▶ **Information provided**
»»
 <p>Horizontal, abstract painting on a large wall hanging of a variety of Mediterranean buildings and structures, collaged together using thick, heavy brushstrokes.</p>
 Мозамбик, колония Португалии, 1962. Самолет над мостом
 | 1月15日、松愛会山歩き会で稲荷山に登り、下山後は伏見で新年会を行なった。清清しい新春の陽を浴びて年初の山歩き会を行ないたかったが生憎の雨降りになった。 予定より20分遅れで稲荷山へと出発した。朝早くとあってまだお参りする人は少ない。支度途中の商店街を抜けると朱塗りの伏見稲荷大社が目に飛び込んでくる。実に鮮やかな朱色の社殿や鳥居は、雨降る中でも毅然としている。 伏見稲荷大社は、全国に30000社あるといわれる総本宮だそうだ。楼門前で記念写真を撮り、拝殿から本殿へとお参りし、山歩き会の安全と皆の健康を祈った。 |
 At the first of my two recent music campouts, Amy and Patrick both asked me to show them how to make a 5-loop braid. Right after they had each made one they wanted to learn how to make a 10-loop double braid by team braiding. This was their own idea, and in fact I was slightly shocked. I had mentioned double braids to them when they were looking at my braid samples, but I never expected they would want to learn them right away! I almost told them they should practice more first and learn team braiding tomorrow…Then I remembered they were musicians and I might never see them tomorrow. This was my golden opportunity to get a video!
««
»»
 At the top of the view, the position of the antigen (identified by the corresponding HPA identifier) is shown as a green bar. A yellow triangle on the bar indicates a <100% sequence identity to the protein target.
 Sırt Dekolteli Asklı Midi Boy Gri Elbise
««
▶ **Work task**
Using the data above, reproduce exactly the lines between those holding "<p>Horizontal, abstract painting" and "Мозамбик, колония Португалии, 1962.", inclusive, and no others.

▶ **Solution**
 <p>Horizontal, abstract painting on a large wall hanging of a variety of Mediterranean buildings and structures, collaged together using thick, heavy brushstrokes.</p>
 Мозамбик, колония Португалии, 1962. Самолет над мостом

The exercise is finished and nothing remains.